A top cover 12 may be mounted at a top of the housing 10, and a seat 14 may be mounted at a bottom of the housing 10, so as to define an internal volume of the scroll compressor 1. For example, lubricant, such as lubricating oil, may be stored in a bottom oil sump 16 to lubricate various moving parts of the scroll compressor 1, such as the orbiting scroll 24, the non-orbiting scroll 22 and the thrust plate 50. Herein, the oil sump 16 is used as a lubricant source.
The electric motor includes a stator 32 and a rotor 34. The rotor 34 is used to drive the drive shaft 36, so as to rotate the drive shaft 36 about its rotation axis relative to the housing. The drive shaft 36 may include an eccentric pin 362, which is mounted to a first end (a top end) of the drive shaft 36 or is integrally formed with the first end of the drive shaft 36. The drive shaft 36 further includes a central hole 364 and an eccentric hole (not shown), the central hole 364 is formed at a second end (a bottom end) of the drive shaft 36, and the eccentric hole extends upward from the central hole 364 to an end surface of the eccentric pin 362. An end (a lower end) of the central hole 364 can be immersed in the oil sump 16 at the bottom of the scroll compressor 1, so that for example, under the centrifugal force generated by the rotation of the drive shaft 36, the lubricating oil can be transported from the oil sump 16 at the bottom, and the lubricating oil can flow upward through the central hole 364 and the eccentric hole and flow out from the end surface of the eccentric pin 362.
The lubricating oil flowing out from the end surface of the eccentric pin 362 can flow to lubricating oil supply zones, for example, formed between the eccentric pin 362 and the orbiting scroll 24 and between the main bearing housing 40 and the orbiting scroll 24. The lubricating oil in the lubricating oil supply zones can lubricate rotating joints and sliding surfaces, for example, between the eccentric pin 362 and the orbiting scroll 24 and between the main bearing housing 40 and the orbiting scroll 24. Moreover, as will be further described below, lubricating oil in the lubricating oil supply zones may also be supplied to the compression mechanism 20.
The orbiting scroll 24 is axially supported by the main bearing housing 40 and is capable of orbiting supported by the main bearing housing 40. The hub 242 of the orbiting scroll 24 may be rotatably coupled to the eccentric pin 362. Alternatively, the hub 242 may be rotatably coupled to the eccentric pin 362 via a sleeve or a bearing.
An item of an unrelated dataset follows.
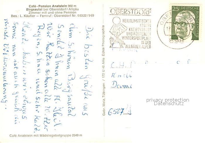 73293160 alte Postkarte Birgsau Bigsautal Cafe Pension Anatstein postalisch gelaufen Erhaltung siehe scans [LiesaD40] KatCode: 11110009780133

As described above, the lubricating oil supplied to the eccentric pin 362 and flowing out from the eccentric pin 362 through the above exemplary eccentric oil supply scheme can then enter a space inside the hub 242. The lubricating oil accumulates in a recess of the main bearing housing 40 after lubricating the hub 242, the eccentric pin 362 or the bearing. The lubricating oil in the recess of the main bearing housing 40 adheres to a thrust surface above the orbiting scroll end plate 244 and the main bearing housing 40 in the form of oil mist under the rotational agitation such as the hub 242 or a balance block (not shown) of the orbiting scroll 24, so as to realize the lubrication between the orbiting scroll end plate 244 and the thrust surface T that provides axial support for the orbiting scroll 24.
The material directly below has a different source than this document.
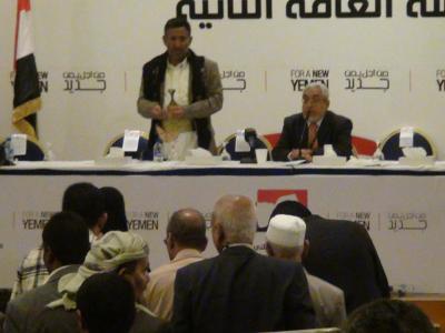 المصادر أكدت أن رئاسة الحوار عقدت إجتماع لها على الفور لمناقشة ما يحدث ضمت ياسين سعيد نعمان وسلطان العتواني وصالح هبرة ومحمد قحطان وعبدالكريم الإرياني وتم الإتفاق على رفع الجلسة نهائياً إلا أن محمد قحطان عاد الى نفس القاعة ليدير الجلسة بمن تبقوا من الأعضاء وبعد مغادرة ياسين والعتواني والإرياني .

Particularly, in the embodiment of the present disclosure, as shown in FIG. 1 , the thrust surface T is provided by a separately provided thrust plate 50 arranged between the orbiting scroll end plate 244 and the main bearing housing 40. FIG. 2 is an enlarged partial longitudinal cross-sectional view of the scroll compressor according to the present disclosure, which clearly shows the thrust plate 50, the orbiting scroll 24 and the main bearing housing 40 according to an aspect of the present disclosure. In addition, components such as the housing and the motor are omitted for ease of description. Generally, the thrust plate 50 is a disk-shaped member and has a central through hole 502 at the center for the hub 242 of the orbiting scroll 24 to pass through, and an upper surface of the thrust plate 50 around the central through hole 502. i.e., the thrust surface T, is in surface contact with the end surface P of the orbiting scroll 24.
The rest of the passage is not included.